Yes those Chinese carburetors look tempting but there can be a problem sometimes. I just don't risk my business rep on installing them. Done had replace a Stihl Zama clone out my pocket this year that I tried so I lost the difference between the two and my time. I couldn't even adjust the fuel mixtures.

You replace both the needle and seat along the bowl gasket that why they come the carburetor overhaul kit. The gasket on the fuel solenoid is usually re-usable.


----------



## z28man (Apr 4, 2017)

Thanks for all the info. It looks like the newer mowers use the newer style carbs. I wonder why they quit using the Walbro.


----------



## AVB (Nov 28, 2014)

z28man said:


> Thanks for all the info. It looks like the newer mowers use the newer style carbs. I wonder why they quit using the Walbro.


Probably cost less than the Walbro. You never know with trading partners. All I know it is costing less me to repair the Nikki as most time all I do is clean the carb and install a new bowl gasket set. 

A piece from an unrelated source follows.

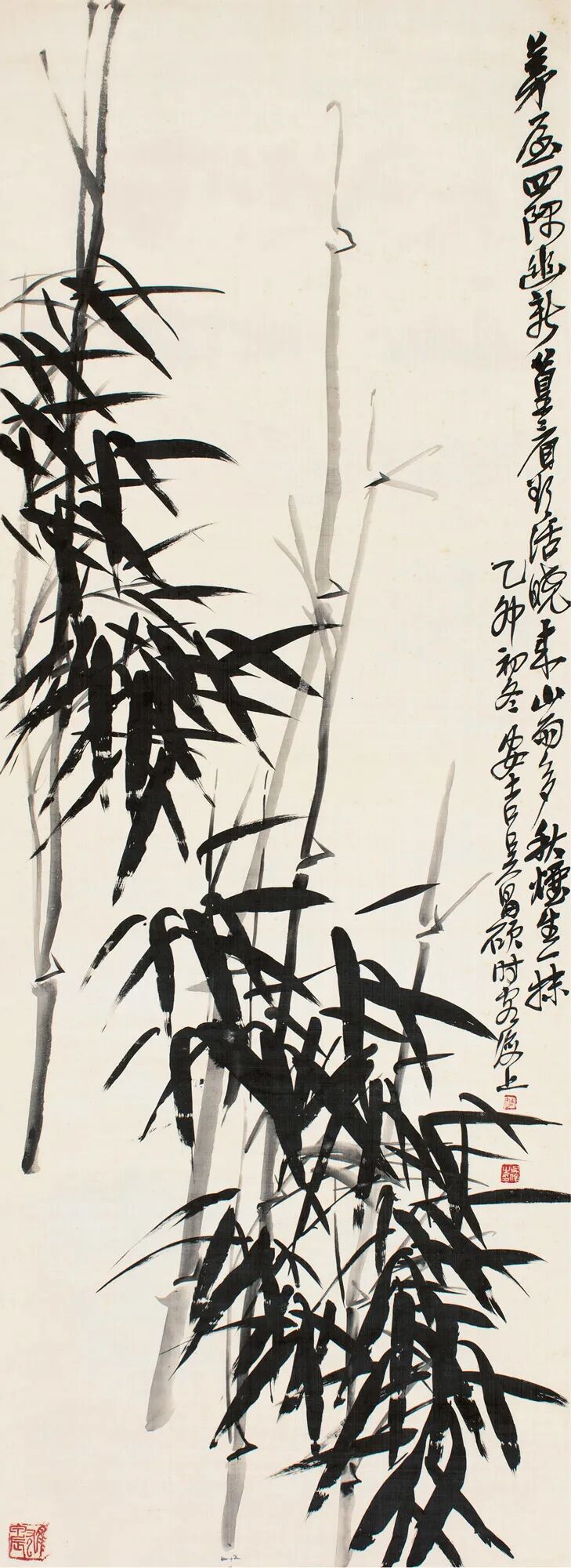 题识:茅屋四隅幽,新篁看欲活,晓来山雨多,秋烟生一抹。乙卯初冬,安吉吴昌硕时客海上。
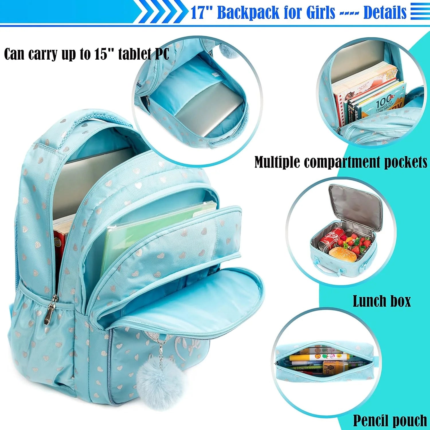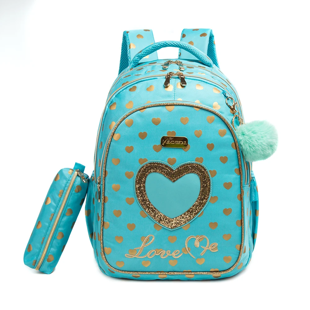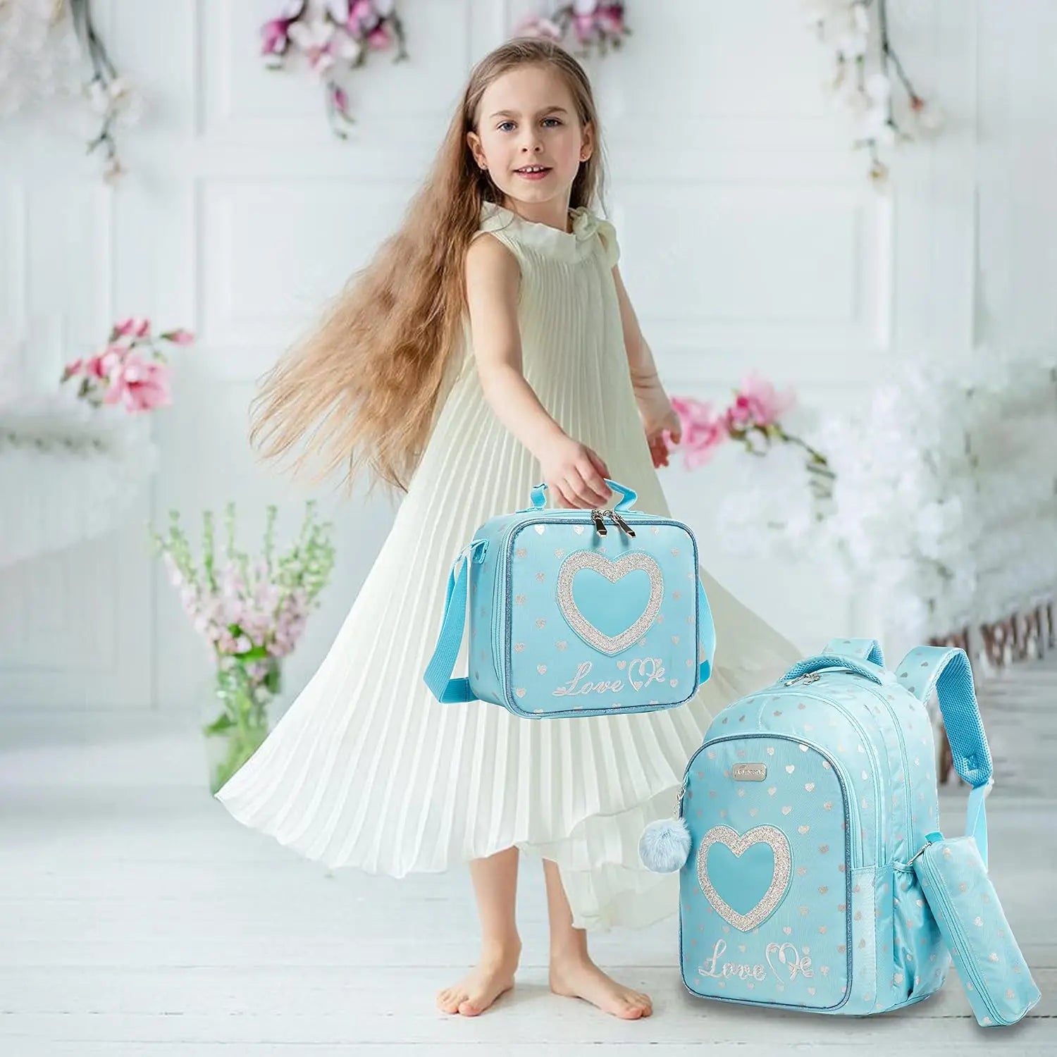 School Bags 3 in 1 Kids Bags for Girls Cute Love Kawaii School Bag Childrens School Backpack Waterproof Lunch Bag Pencil Case

That's why I have ultrasonic cleaner that costed $275.00 but I sold my first UC unit for $50 so the replacement wasn't as costly and it help out a fellow tech to get started using one. It was that I just out grew the tank size as I am now working ATVs too.


----------



## z28man (Apr 4, 2017)

Well thanks again for all the info. I ended up ordering the new one as I've had issues with this one every year which my dad has helped me with. I watched a few repair videos and they didn't look too bad but since I'm not 100% sure if it's just one thing or the other I said screw it and ordered a new one lol. I'm pretty mechanically inclined I just don't want to get nickle and dimed anymore. I'll hand on to the old one though in case I ever want to fiddle with it.


----------



## z28man (Apr 4, 2017)

Instead of making a new thread I just thought I'd post an "update" question in here, hope it gets seen lol. I've now adjusted the valves. When I took the valve cover off, again gas poured straight out, quite a bit I might add. Getting ready to change the oil and I'm wondering, how exactly do I know when I've got all this darn gas out of the motor? Should the rest drain out with the oil? Should I hit the key and turn it over a few times with the valve cover off? Should I take off the old carb and turn it over a few times?


----------



## SABL (Jul 4, 2008)

I wouldn't change the oil until the carb has been repaired (or replaced). If you can turn the engine by hand, make a few slow rotations. Most of the gas should have drained out of the valve area through the oil return passages. 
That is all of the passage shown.